Retype only the lines below from the one with "Сандалии из хлопкового" to the one with "Obsah balenia: Tlačiareň", inclusive, skipping every image.

**Data provided:**

◆ ◆ ◆ ◆ ◆

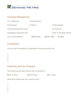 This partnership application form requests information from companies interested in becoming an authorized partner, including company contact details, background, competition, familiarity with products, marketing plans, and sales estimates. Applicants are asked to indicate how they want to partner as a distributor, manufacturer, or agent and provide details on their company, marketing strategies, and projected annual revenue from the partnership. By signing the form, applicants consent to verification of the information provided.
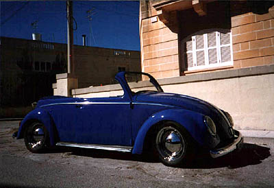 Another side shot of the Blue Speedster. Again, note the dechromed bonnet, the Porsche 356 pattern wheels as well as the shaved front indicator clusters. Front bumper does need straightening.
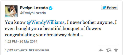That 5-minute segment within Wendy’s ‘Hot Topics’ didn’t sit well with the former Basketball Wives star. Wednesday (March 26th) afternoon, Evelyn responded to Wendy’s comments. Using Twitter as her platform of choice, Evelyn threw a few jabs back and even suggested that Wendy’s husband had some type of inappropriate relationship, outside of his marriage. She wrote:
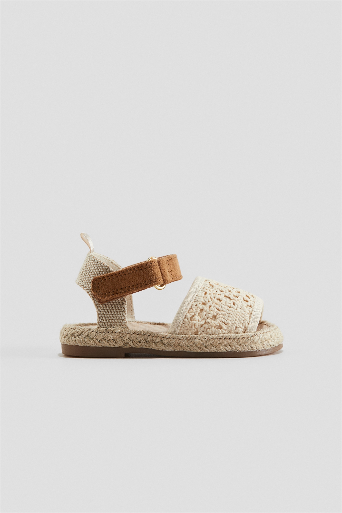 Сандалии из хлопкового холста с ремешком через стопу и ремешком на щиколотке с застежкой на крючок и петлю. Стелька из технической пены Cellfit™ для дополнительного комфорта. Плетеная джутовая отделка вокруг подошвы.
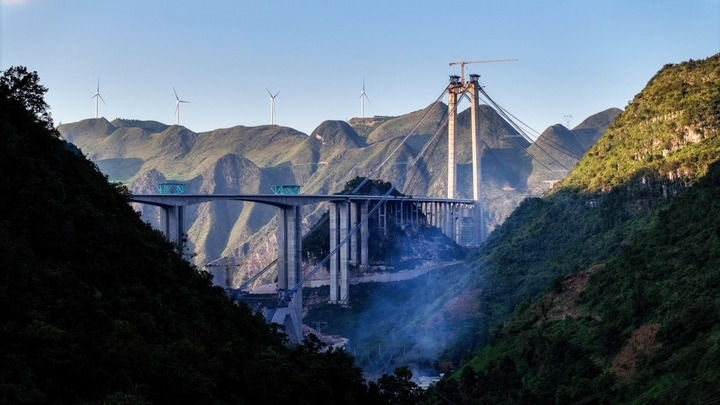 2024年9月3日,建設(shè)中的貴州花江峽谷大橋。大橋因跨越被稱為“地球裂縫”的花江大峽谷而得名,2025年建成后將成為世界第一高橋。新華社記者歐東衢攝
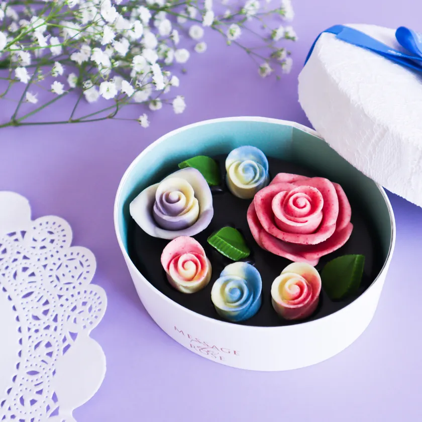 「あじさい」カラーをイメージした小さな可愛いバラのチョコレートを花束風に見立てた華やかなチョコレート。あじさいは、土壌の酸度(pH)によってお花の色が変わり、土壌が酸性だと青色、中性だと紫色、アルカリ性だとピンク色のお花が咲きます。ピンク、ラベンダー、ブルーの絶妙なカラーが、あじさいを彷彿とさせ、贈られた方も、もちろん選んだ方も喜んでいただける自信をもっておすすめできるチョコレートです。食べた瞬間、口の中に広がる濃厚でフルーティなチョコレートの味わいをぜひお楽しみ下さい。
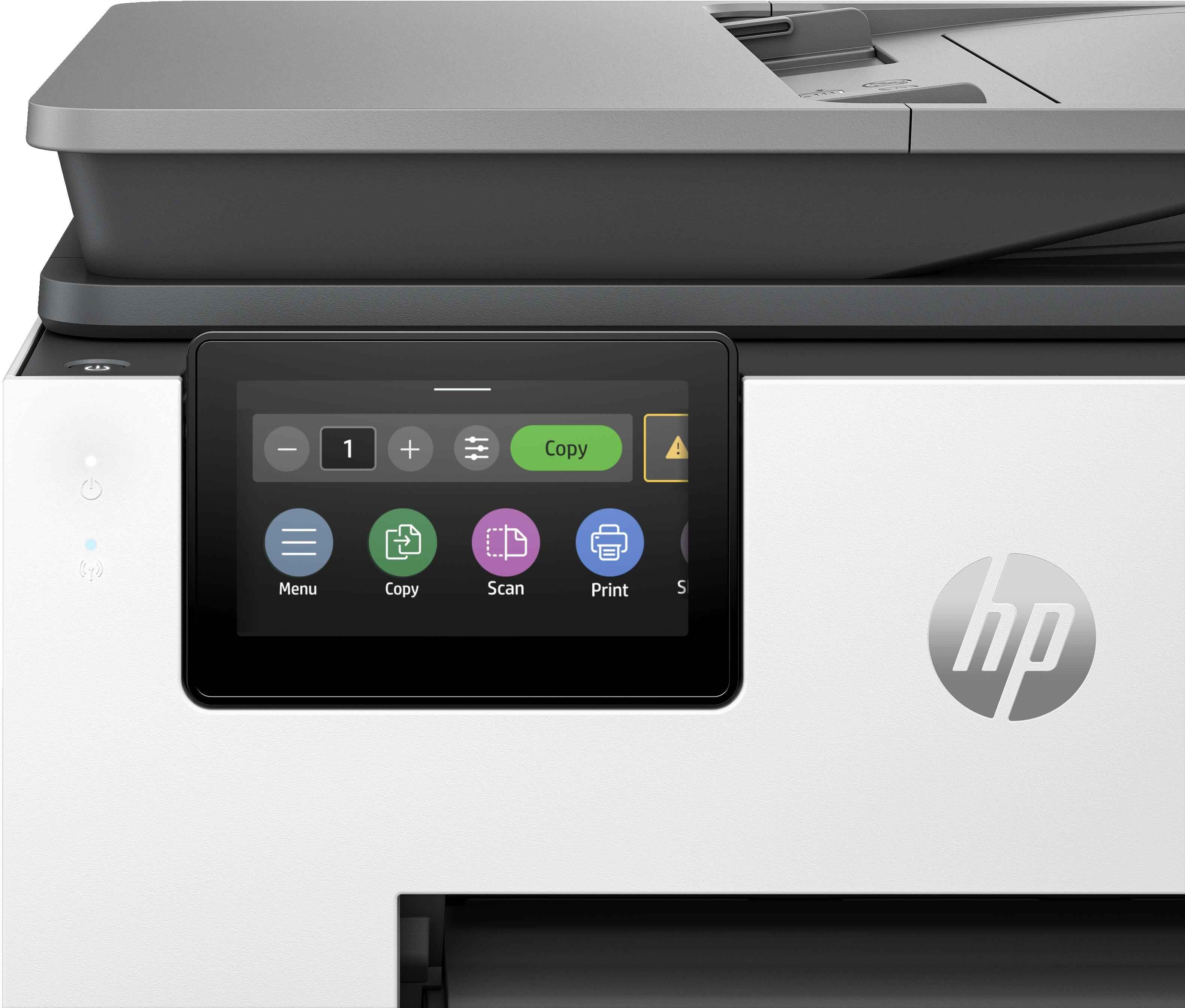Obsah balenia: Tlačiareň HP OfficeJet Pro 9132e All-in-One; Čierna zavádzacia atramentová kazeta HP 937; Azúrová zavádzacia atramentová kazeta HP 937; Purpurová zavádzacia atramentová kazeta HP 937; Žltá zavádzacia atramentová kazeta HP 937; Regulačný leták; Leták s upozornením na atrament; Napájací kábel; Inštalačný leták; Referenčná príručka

◆ ◆ ◆ ◆ ◆

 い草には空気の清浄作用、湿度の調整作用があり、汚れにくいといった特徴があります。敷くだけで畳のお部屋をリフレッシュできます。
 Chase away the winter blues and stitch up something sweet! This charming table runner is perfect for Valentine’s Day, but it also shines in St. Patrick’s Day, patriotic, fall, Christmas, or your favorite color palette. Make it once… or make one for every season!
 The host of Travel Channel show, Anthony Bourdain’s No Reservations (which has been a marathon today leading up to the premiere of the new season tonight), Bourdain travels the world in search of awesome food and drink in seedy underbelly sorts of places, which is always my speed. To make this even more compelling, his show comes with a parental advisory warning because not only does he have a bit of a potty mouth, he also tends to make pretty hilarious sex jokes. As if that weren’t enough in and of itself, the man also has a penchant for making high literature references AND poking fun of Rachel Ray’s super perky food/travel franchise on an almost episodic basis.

◆ ◆ ◆ ◆ ◆

**Result below:**
 Сандалии из хлопкового холста с ремешком через стопу и ремешком на щиколотке с застежкой на крючок и петлю. Стелька из технической пены Cellfit™ для дополнительного комфорта. Плетеная джутовая отделка вокруг подошвы.
 2024年9月3日,建設(shè)中的貴州花江峽谷大橋。大橋因跨越被稱為“地球裂縫”的花江大峽谷而得名,2025年建成后將成為世界第一高橋。新華社記者歐東衢攝
 「あじさい」カラーをイメージした小さな可愛いバラのチョコレートを花束風に見立てた華やかなチョコレート。あじさいは、土壌の酸度(pH)によってお花の色が変わり、土壌が酸性だと青色、中性だと紫色、アルカリ性だとピンク色のお花が咲きます。ピンク、ラベンダー、ブルーの絶妙なカラーが、あじさいを彷彿とさせ、贈られた方も、もちろん選んだ方も喜んでいただける自信をもっておすすめできるチョコレートです。食べた瞬間、口の中に広がる濃厚でフルーティなチョコレートの味わいをぜひお楽しみ下さい。
Obsah balenia: Tlačiareň HP OfficeJet Pro 9132e All-in-One; Čierna zavádzacia atramentová kazeta HP 937; Azúrová zavádzacia atramentová kazeta HP 937; Purpurová zavádzacia atramentová kazeta HP 937; Žltá zavádzacia atramentová kazeta HP 937; Regulačný leták; Leták s upozornením na atrament; Napájací kábel; Inštalačný leták; Referenčná príručka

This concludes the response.